At Friday’s event, where about 60 people gathered to express their condolences to Brenda’s mother, community members asked the Salinas Police Department to express regret.
“Say you’re sorry, PD. If they say they’re sorry, if they know what they did was wrong … maybe that would be on the record to show they’re human. Say you’re sorry, PD,” community activist Xago Juarez said, leading the crowd in a chant. “Say you’re sorry, PD.”
Brenda’s mother was so overcome with grief she declined to speak during Friday’s rally. And the pain will never go away, Joe Frank Alvarado, father of a man killed by Salinas Police officers in July 2014, told her. She will always remember how her baby died, he said.
A few months from now, there may be only a handful of people who will remember Brenda — her boyfriend and friends and family, those who knew what made her smile and the comfort she brought to people’s lives. But in this community full of grief and challenges, the trauma of seeing yet another young person killed at the hands of the police — at the hands of those we expect to protect us — the trauma will last.
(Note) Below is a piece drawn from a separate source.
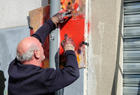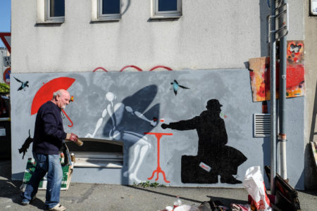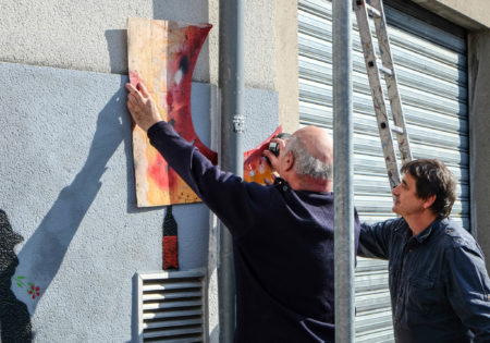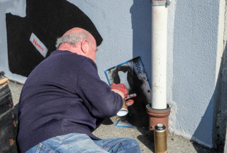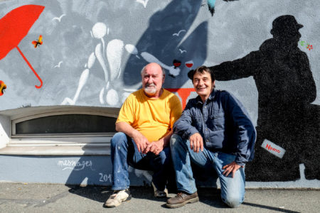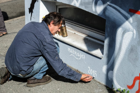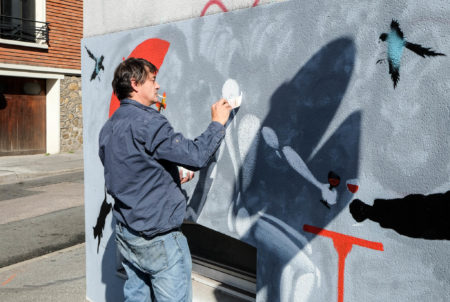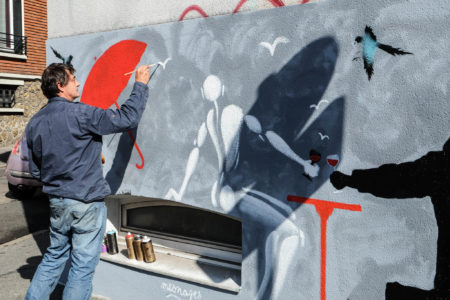 Nous avons pu assister à la réalisation en direct d’une oeuvre des deux célèbres artistes de rue parisiens , Némo (L’homme à l’imperméable noir) et Jérome Mesnager (l’homme blanc), pour la création d’un graff cosigné. Cela se déroulait ce week-end dans le cadre du Street Art festival de Montreuil, qui offre ses murs a de nombreux graffeurs. Pour les amateurs, ce nouveau graffiti est situé au 82 rue Alexis Lepere.

Expect to see it on display in the next few weeks at the next City Council meeting, where activists promised to go next to express their grievance. And at a presentation by Alex Vitale, author of “The End of Policing,” at Hartnell College on Thursday.
Expect to see it for sure the next time the Salinas Police Department wants to place police officers in the schools. It may confound you to see how passionate activists are, it may surprise you to see how many in the community feel this way. It may even make you feel the community is being manipulated into this or other attitudes or beliefs. But you see, the pain is real. It’s the cherry on top of the grievance cake.